■ **What needs to be done**
From the line containing "- Die ehemalige" down to the line containing "Los trabajos incluirán", copy out the entries below exactly, both lines included, and nothing else; pictures do not belong in the copy.

■ **The data**
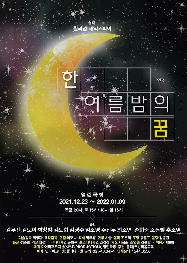 (서울=연합뉴스) 임동근 기자 = ▲ 로맨틱 판타지 연극 '한 여름밤의 꿈' = 셰익스피어의 낭만 희극 '한 여름밤의 꿈'이 오는 23일부터 내년 1월 9일까지 대학로 열린극장 무대에 오른다.
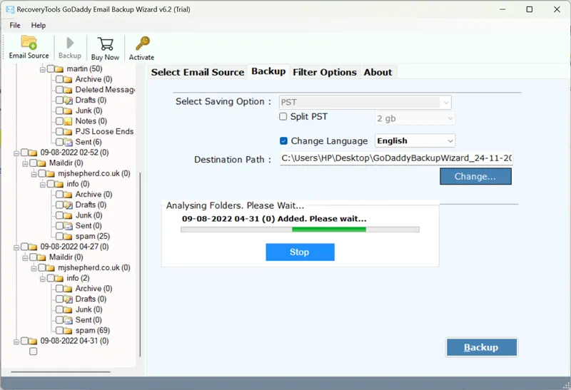- 步驟一:首先將您的 GoDaddy 電子郵件備份到硬盤。
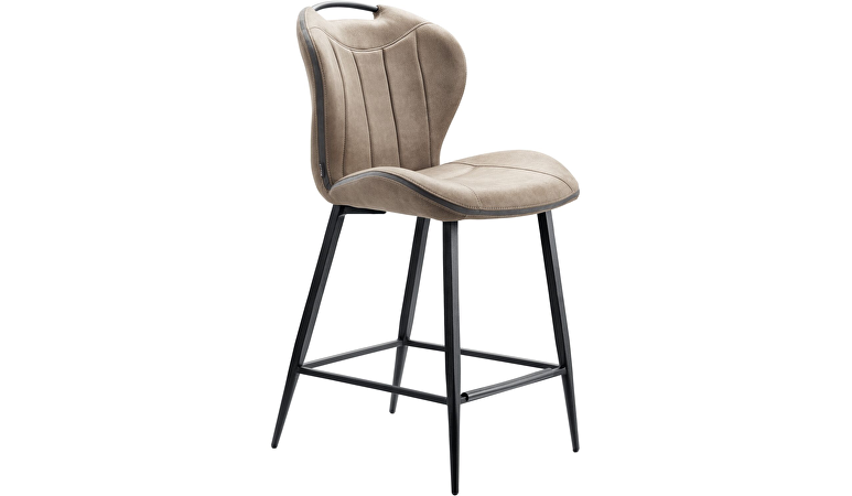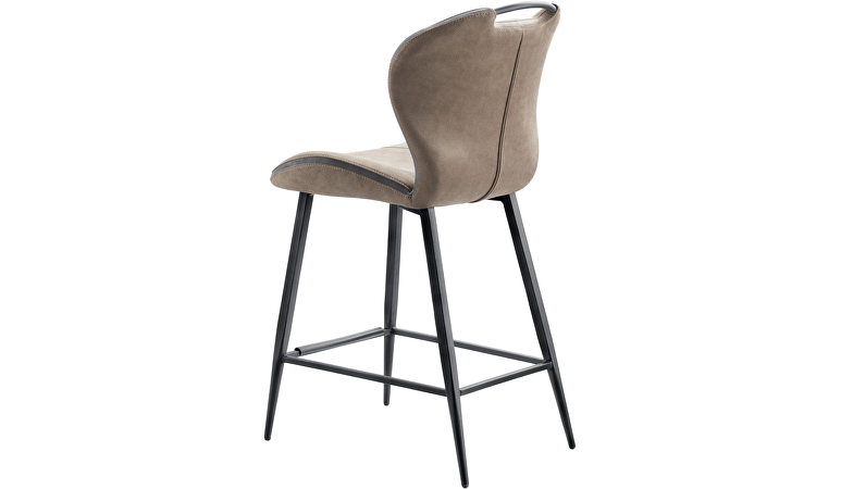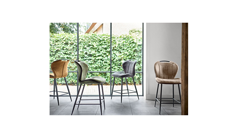 Barkruk Tantini heeft een stoere uitstraling door de lichtbruine kleur. Dit is een microvezelstof die eruitzie als leder, maar heerlijk zacht aanvoelt. Het retrostiksel op de rug en zitting, en de band in en grijze stof accenturen de stoere belijning van deze barkruk.
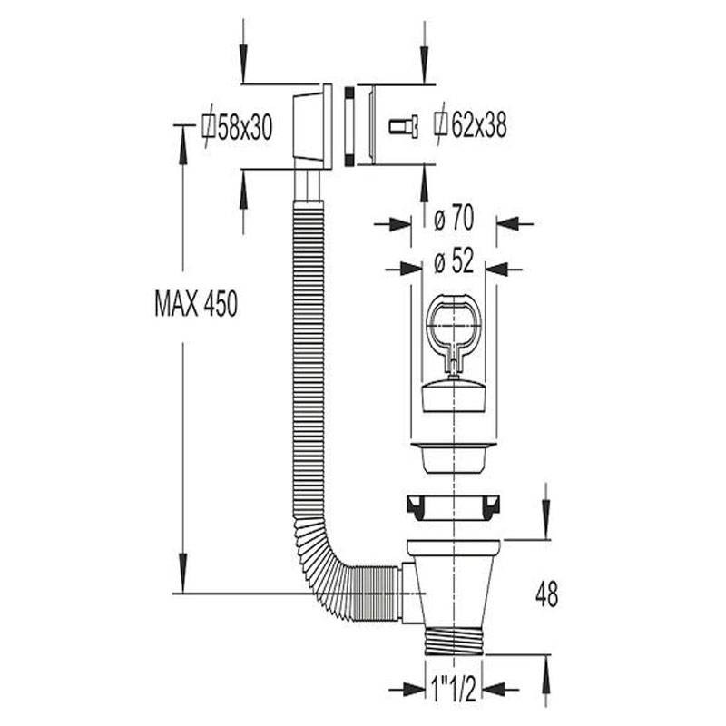 - Attacco piletta: 1 pollice 1/2
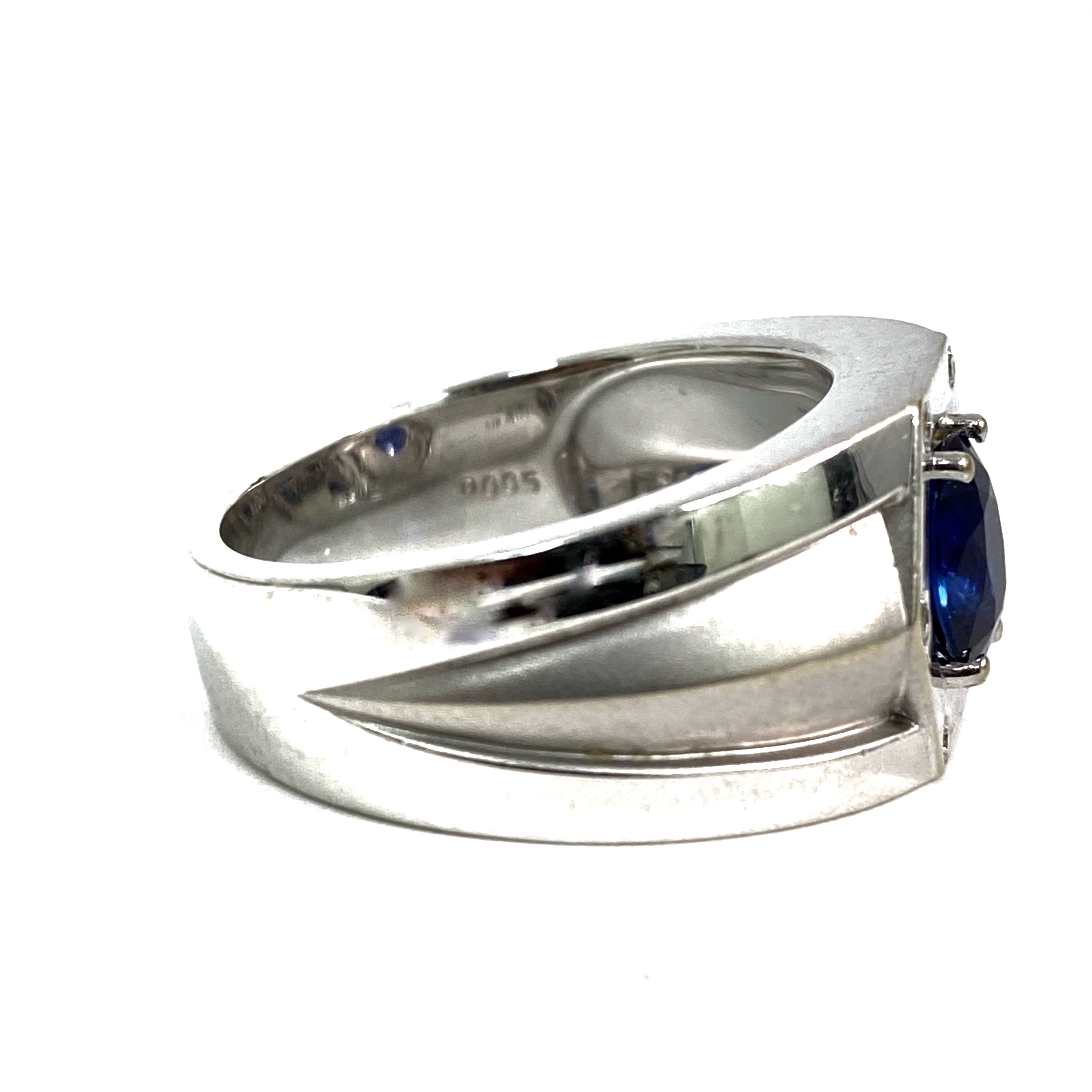 △ Chow Tai Fook 周大福 18K White Gold Diamonds And Blue Stone Ring 14.05g 18K白金鑽石和藍色寶石戒指 - 257023968
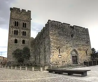 - Die ehemalige Klosterkirche und heutige Pfarrkirche (Esglesia Sant Miquel) ist ein wehrhaft wirkender und größtenteils aus exakt bearbeiteten Hausteinen errichteter Bau des ausgehenden 11. oder beginnenden 12. Jahrhunderts. Die drei Apsiden sowie der Turm zeigen Lisenen und Rundbogenfriese im lombardischen Baustil; sie wurden später, d. h. möglicherweise in der Zeit des Katalanischen Bürgerkriegs (1462–1472) durch Wehrbauten aufgestockt. Der auf der Nordseite befindliche und beinahe freistehende Glockenturm (campanar) ist romanischen Ursprungs; er wurde jedoch ebenfalls im 15. Jahrhundert befestigt und zeigt zusätzlich kleine Zahnschnittfriese oberhalb der Rundbögen. Auch das Langhaus und die giebel- und schmucklose Westseite haben Wehrcharakter. Das in gotischen Stilformen gestaltete, aber teilweise zerstörte Eingangsportal trägt eine Inschrift des Jahres 1802; die Kapitelle zeigen Abwandlungen des Trifrons-Motivs. Das dreischiffige Innere ist tonnengewölbt; die Apsiden sind von halbkuppelförmigen Kalotten überwölbt. Zur Ausstattung gehören mehrere teils geometrisch, teils vegetabilisch gestaltete Kapitelle, ein romanisches Taufbecken und ein aus einem Kapitell herausgearbeitetes Weihwasserbecken. Vom ehemaligen Klausurbereich des Klosters mitsamt seinem Kreuzgang sind nur Fundamentreste erhalten.
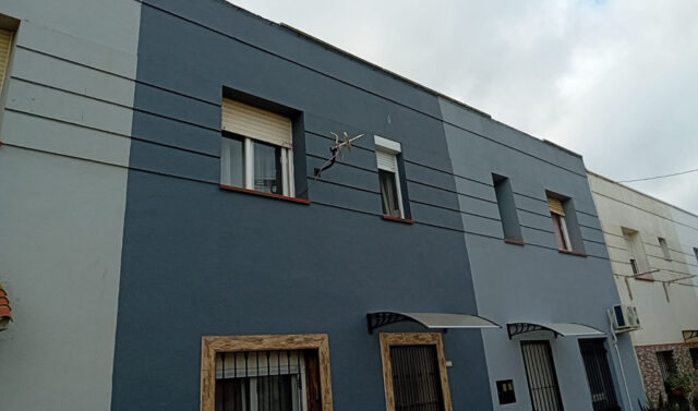 Los trabajos incluirán la reparación de elementos prefabricados y el reemplazo de las piedras artificiales que rematan los pretiles. La intervención se focaliza en un conjunto de viviendas unifamiliares de planta baja y un piso, con acceso directo desde la calle y un patio trasero.
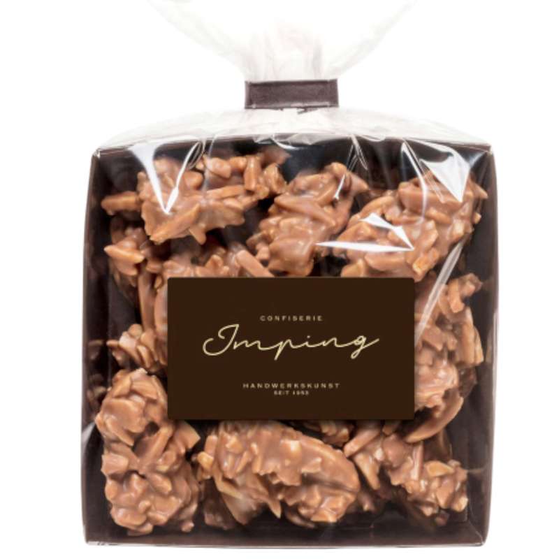 Depuis 1953, la Confiserie Imping, entreprise familiale allemande, émerveille les gourmets avec ses créations. Découvrez leurs éclats d'amandes enrobés de chocolat au lait, un mariage idéal entre le croquant des amandes et la douceur du chocolat. Idéal à savourer après un bon repas avec une tasse de café.

■ **Solution to this task**
 - Die ehemalige Klosterkirche und heutige Pfarrkirche (Esglesia Sant Miquel) ist ein wehrhaft wirkender und größtenteils aus exakt bearbeiteten Hausteinen errichteter Bau des ausgehenden 11. oder beginnenden 12. Jahrhunderts. Die drei Apsiden sowie der Turm zeigen Lisenen und Rundbogenfriese im lombardischen Baustil; sie wurden später, d. h. möglicherweise in der Zeit des Katalanischen Bürgerkriegs (1462–1472) durch Wehrbauten aufgestockt. Der auf der Nordseite befindliche und beinahe freistehende Glockenturm (campanar) ist romanischen Ursprungs; er wurde jedoch ebenfalls im 15. Jahrhundert befestigt und zeigt zusätzlich kleine Zahnschnittfriese oberhalb der Rundbögen. Auch das Langhaus und die giebel- und schmucklose Westseite haben Wehrcharakter. Das in gotischen Stilformen gestaltete, aber teilweise zerstörte Eingangsportal trägt eine Inschrift des Jahres 1802; die Kapitelle zeigen Abwandlungen des Trifrons-Motivs. Das dreischiffige Innere ist tonnengewölbt; die Apsiden sind von halbkuppelförmigen Kalotten überwölbt. Zur Ausstattung gehören mehrere teils geometrisch, teils vegetabilisch gestaltete Kapitelle, ein romanisches Taufbecken und ein aus einem Kapitell herausgearbeitetes Weihwasserbecken. Vom ehemaligen Klausurbereich des Klosters mitsamt seinem Kreuzgang sind nur Fundamentreste erhalten.
 Los trabajos incluirán la reparación de elementos prefabricados y el reemplazo de las piedras artificiales que rematan los pretiles. La intervención se focaliza en un conjunto de viviendas unifamiliares de planta baja y un piso, con acceso directo desde la calle y un patio trasero.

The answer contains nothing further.